In our study, there was no correlation between pre- / post-ductal PI and RVO or RVO/kg, similar to the study of Corsini et al [10]. This may be because the foramen ovale has not yet closed. Similar to the results of Corsini et al (10), there was no association between pre- / post-ductal PI and SVCf or SVCf/kg in our study. Takahaski et al [21] reported that they found a correlation between PI and SVC flow in their cohort of preterm infants. They noted that SVC flow reflects systemic blood flow, especially in small preterm infants with PDA. In our study, there was a moderate correlation between SVC flow and LVO/kg. The reason why our study result differs with the findings of Takahaski et al [21] may be that our study population does not cover very low birth weight babies with PDA.
As a result of observations, it has been reported that PI shows circadian rhythm, and can be affected by nutrition, intravenous therapy, jaundice, sleep-awake status and sleep position [11, 22]. A study conducted by Sahni et al [22] in low birth weight infants reported that the PI value measured in the supine sleep position was higher than in the supine position. In our study, peripheral perfusion in all infants was evaluated after feeding, in supine position and while awake.
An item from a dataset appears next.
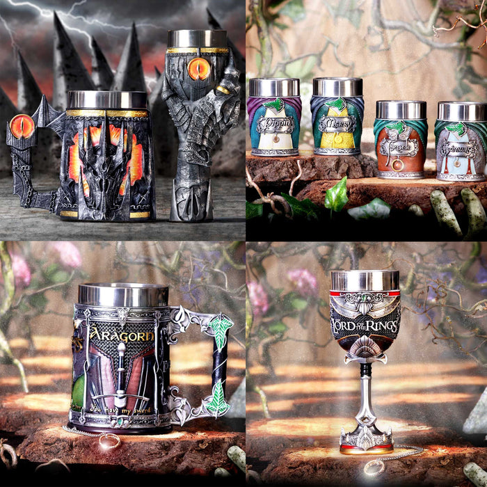• Variants: Frodo beer mug, Frodo wine goblet, Hobbit shot glass set, Sauron beer mug, Sauron wine goblet, Rivendell beer mug, Rivendell wine goblet

Although the infants with physiological jaundice were included in the study, the infants with hyperbilirubinemia requiring phototherapy were not included in the study. In our study, circadian rhythm was not taken into account in the time period during which the measurement was performed, due to the fact that babies had different birth times. It has been reported that PI measurement is not affected by physiological variables such as heart rate, SpO2, oxygen consumption, blood pressure, and body temperature [23]. Similarly, no association between PI and heart rate, SpO2, body temperature, and blood pressure (systolic, diastolic, and mean blood pressure) was found in our study.
Our study had some limitations: i) the number of babies included in the study was small, and ii) we did not examine whether there was a relationship between PI and LVO in infants with CHD.
In conclusion, a correlation between pre- / post-ductal PI and LVO in healthy late preterm infants wasn’t found in our study. We believe that a systemic hemodynamic parameter such as LVO cannot adequately reflect peripheral microvascular blood flow due to incomplete maturation of the sympathetic nervous system in preterm infants, which is involved in regulating peripheral perfusion. New studies with larger populations are needed to determine the actual role of the synergistic effect of SPO2 with PI in screening for critical CHD, especially in preterm infants.